The latest

Original text: jax. Readthedocs. IO/en/latest/n…

JAX Quick Start

First answer a question: what is JAX?

Simply put, numpy is gPU-accelerated, autodiff enabled. As we all know, Numpy is the basic numerical computation library in Python and is widely used. No one can do scientific computing or machine learning without Python. But numpy doesn’t support Gpus or other hardware accelerators, and there’s no built-in support for BackPropagation, plus Python’s own speed limit, so few people would use Numpy directly to train or deploy deep learning models in production. This is why there are deep learning frameworks such as Theano, TensorFlow, and Caffe. However, Numpy has its unique advantages: low level, flexible, easy to debug, stable API and familiar (in line with MATLAB), favored by researchers. JAX’s main starting point is to combine the advantages of Numpy with hardware acceleration. JAX (github.com/google/jax), now open source, uses the GPU (CUDA) for hardware acceleration. Said by: www.zhihu.com/question/30…

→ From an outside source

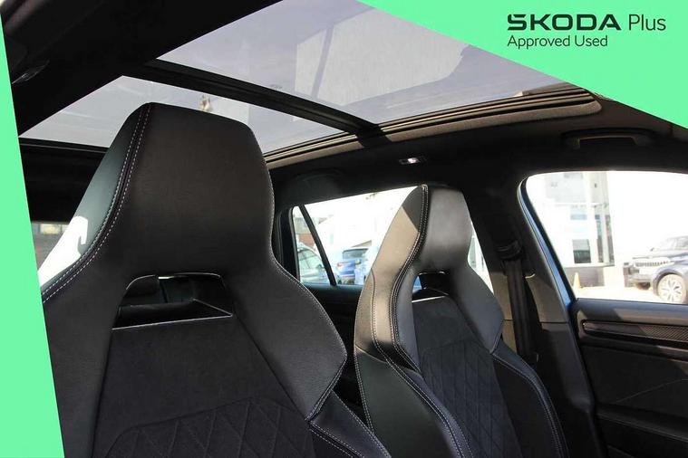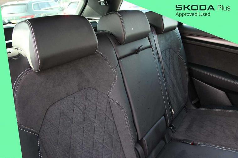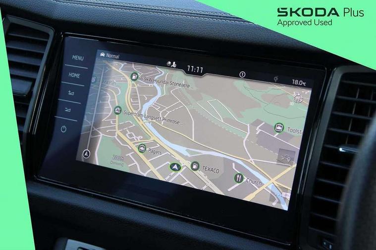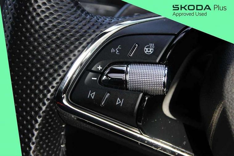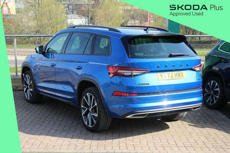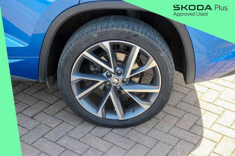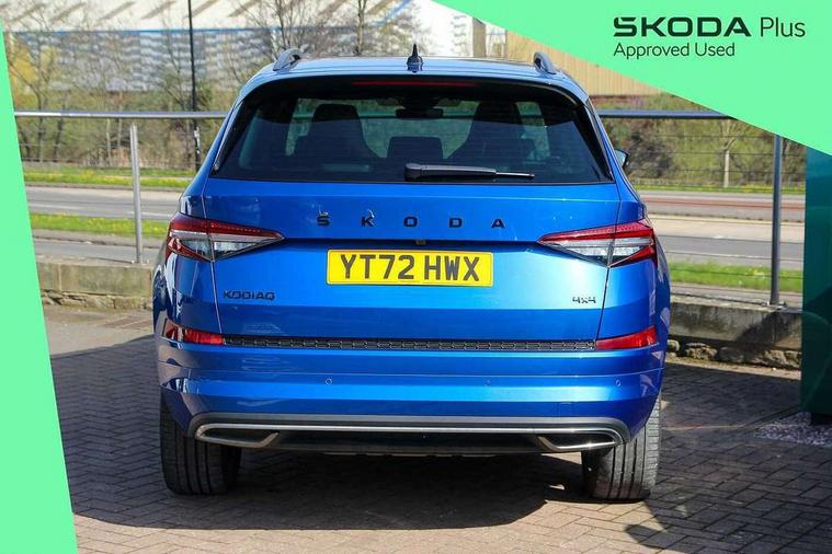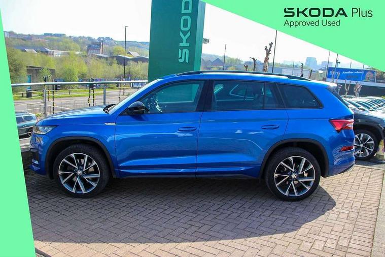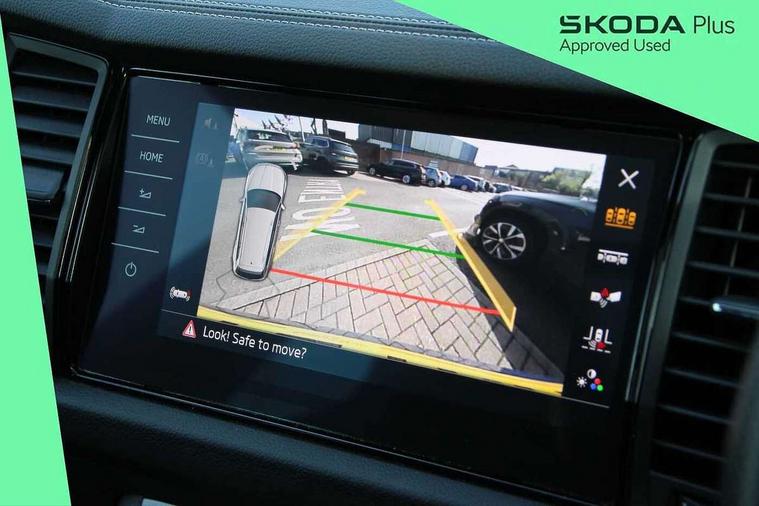 Bluetooth system, Columbus satellite navigation with 9.2" touchscreen, integrated Wi-Fi, web radio, Digital voice enhancement, E-call, ECO Stop/start function, Exterior temperature indicator, Progressive steering, Rear view camera, Smartlink wireless for apple carplay and wired for android auto, Speed limiter, Tailgate unlocking from outside, USB C Port x 2 in front centre console, Wireless charging, 8 Speakers, DAB Digital radio, Aero front windscreen wipers with intermittent function, Aero rear window wiper, Auto dimming rear view mirror, Black roof rails, Black sports styling including front grille and window surrounds, Black wheel arch surrounds, Body colour bumpers, Body colour door handles, Electric adjustable/heated/folding door mirrors, driver side auto dimming with boarding sports and memory function, Electric front and rear windows, Extended rear spoiler with finlets in gloss black, Front fog lights, Full LED matrix headlights with AFS (adaptive front light system), cornering function and AWL (all weather lighting system), Gloss black door mirrors, Headlight washers, Heated rear window, Invisible tailpipe, LED daytime running lights, LED rear fog light, LED third brake light in rear spoiler, Light assistant (coming/leaving home/tunnel light), Off-road style lower front bumper element, Privacy glass, Rain and light sensors, Rear diffuser, Rear LED lights (high functionality) with welcome effect and dynamic indicators, Rear side wing doors, Safety reflectors on front and rear doors, Sportline badge on front fender, Sports front and rear bumpers including lower rear chrome strip, Tailgate lettering in Black, Window control switches with black trim, Without engine designation, 12V socket in boot, 2 rails with 2 hooks, 2 seat bench in 3rd row, 3 seat bench in 2nd row, 4 foldable roof handles with rear coat hooks, 60:40 foldable rear seat with sliding adjustment and backrest angle adjustment, Aluminium pedals, Black roof headlining, Bottle holders in door panel in the 1.5 litre front and 1 litre rear, Cargo storage compartments, Chrome headlight control button, Chrome interior door handles, Coat hooks on B pillar, Covered storage compartment on driver side, Front centre armrest with storage compartment, cup holder and 12V socket, Front courtesy lights, Gear shift lever with chrome frame and black gloss insert, Grey stitching in front and rear armrests and door armrests + door inserts, Height adjustable front headrests, Illuminated and cooled glovebox, Illuminated luggage compartment, Isofix child seat fittings in outer rear seats with top tether, Manually adjustable steering column, Microsuede door panels, Net programme in boot (1x horizontal Net, 2x vertical Nets), Overhead glasses storage compartment, Pollen filter, Rear centre armrest with cupholders, Single front passenger seat, Sliding trunk cover, Small Bags on the inner sides of the front backrests, Sports seats, Sunvisors with illuminated vanity mirrors, Three rear height adjustable headrests, Ticket holder on A Pillar, Umbrella in door panel, Variable boot floor, LED Interior light pack - Kodiaq, Auto door release and activation of warning lights in the event of an accident, Child locks on rear doors, Driver and front passenger airbag with knee airbag and front passenger airbag deactivation, Electronic parking brake with hill start assist, Emergency rear braking signal, ESC (incl. ABS+MSR+ASR+EDS+HBA+DSR+RBS+MKB), Front assist with autonomous emergency braking, Front side airbags with curtain airbags, Fuel cut off safety device, Height adjustable front 3 point seatbelts + pretensioners, Hill hold control, Rear disc brakes, Safety vest holder in door, Seat belt reminder for all seats, Three point rear seat belts, Two tone horn, Tyre pressure monitor, Alarm with interior monitoring and tilt sensor with safe function, Anti-theft wheel bolts, Immobiliser, Keyless entry and start system (KESSY), Remote central locking with 2 keys, Black air vent surround, Carbon finish dashboard and door inserts, Grey stitching in dashboard, 20" Vega Anthracite alloy wheels, Temporary spare wheel (space saver),

JAX is a scientific computing library (NUMpy, SciPY) and neural network library (relu, SigmoID, ConV, etc.) that supports accelerators (Gpus and Tpus) and is more flexible and versatile than PyTorch and TensorFlow. This is why I recommend learning and doing this translation work, to take everyone to learn and master this framework.

Because the author is not English major, some neirong inevitably translation mistakes, welcome everyone’s criticism and correction. For some translations that the author is not sure about, use underlining and parentheses to supplement the original word, such as automatic differentiation.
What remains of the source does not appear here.